Sikke-i Tasdik-i Gaybi 20. Mektup
Risale-i Nur şakirdlerinden Mehmed Feyzi ve emsaline hitaben beyan edilen bir hakikattir
Kardeşim Feyzi!
Madem sen, Isparta vilayetindeki kahramanlara benzemek istiyorsun, tam onlar gibi olmalısın. Eskişehir Hapishanesinde –Allah rahmet etsin– mühim bir şeyh-i mürşid ve cazibedar bir Nakşî evliyasından bir zat, dört ay mütemadiyen Risaletü’n-Nur’un elli altmış şakirdleri içinde ve celbkârane onların içlerinde sohbet ettiği halde, yalnız bir tek şakirdi muvakkaten kendine çekebildi. Mütebâkisi, o cazibedar şeyhe karşı müstağni kaldılar. Risaletü’n-Nur’un yüksek, kıymettar hizmet-i imaniyesi onlara kâfi olarak kanaat veriyordu. O şakirdlerin gayet keskin kalp basîreti şöyle bir hakikati anlamış ki:
Risaletü’n-Nur’a hizmet eden, imanını kurtarıyor; tarîkat ve şeyhlik ise velayet mertebeleri kazandırıyor. Bir adamın imanını kurtarmak, on mü’mini velayet derecesine çıkarmaktan daha mühim ve daha sevaplıdır. Çünkü iman, saadet-i ebediyeyi kazandırdığı için bir mü’mine, küre-i arz kadar bir saltanat-ı bâkiyeyi temin eder. Velayet ise mü’minin cennetini genişlettirir, parlattırır. Bir adamı sultan yapmak, on neferi paşa yapmaktan ne kadar yüksek ise bir adamın imanını kurtarmak, on adamı veli yapmaktan daha sevaptır.
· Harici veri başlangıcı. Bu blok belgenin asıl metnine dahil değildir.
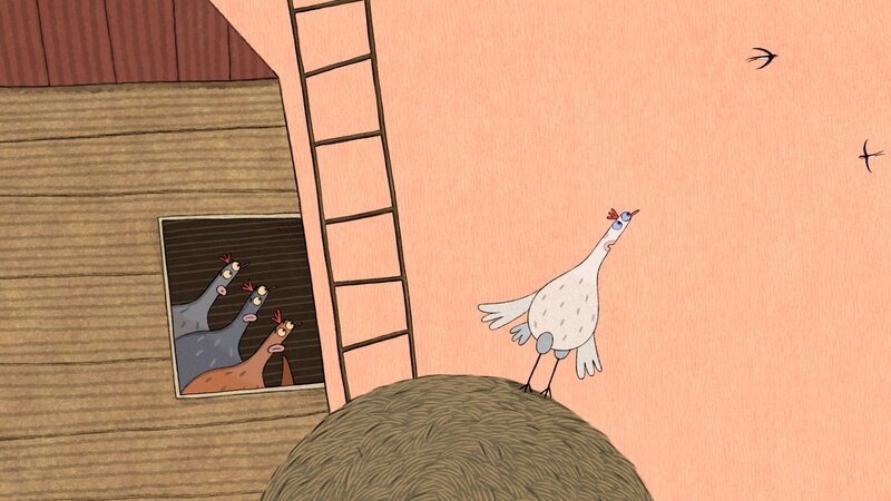 Eigentlich soll das weiße Huhn auch Eier legen, so wie die anderen Hühner es vormachen. Doch die Schwalben am Himmel haben eine ganz andere Sehnsucht in ihm geweckt: Es will fliegen! Das Huhn hat einen unwiderstehlichen Drang die Sache mit dem Fliegen auszuprobieren. Es steigt auf das Dach des Hühnerstalls und springt ab. Das Folgende kann man nicht unbedingt Fliegen nennen, aber das Huhn ist glücklich und plötzlich klappt auch etwas anderes...

İşte bu dakik sırrı, senin Ispartalı kardeşlerin bir kısmının akılları görmese de umumunun keskin kalpleri görmüş ki benim gibi bîçare, günahkâr bir adamın arkadaşlığını evliyalara, belki eğer olsaydı, müçtehidlere dahi tercih ettiler.
Bu hakikate binaen, bu şehre bir kutub, bir gavs-ı a’zam gelse dese: “Seni on günde velayet derecesine çıkaracağım.” Sen, Risale-i Nur’u bırakıp onun yanına gitsen Isparta kahramanlarına arkadaş olamazsın.
Lillahi’l-hamd, bu zamanda sünnet-i seniye dairesinde kemal-i imanı kazanan Risale-i Nur şakirdleri evliyaların, mürşidlerin nazar-ı dikkatini celbedecek vaziyeti aldığından; her zamanda bulunan hakiki mürşidler, herhalde bu zamanda Risaletü’n-Nur şakirdlerine müşteri olurlar. Birisini elde etseler yirmi mürid kadar kıymet verirler.
Hem zevkli ve cazibedar velayet tereşşuhatı karşısında Risaletü’n-Nur’un hizmetindeki meşakkat, mücahede, külfet bulunduğundan Feyzi’ye hitaben beyan edilen bu hakikat kaleme alındı.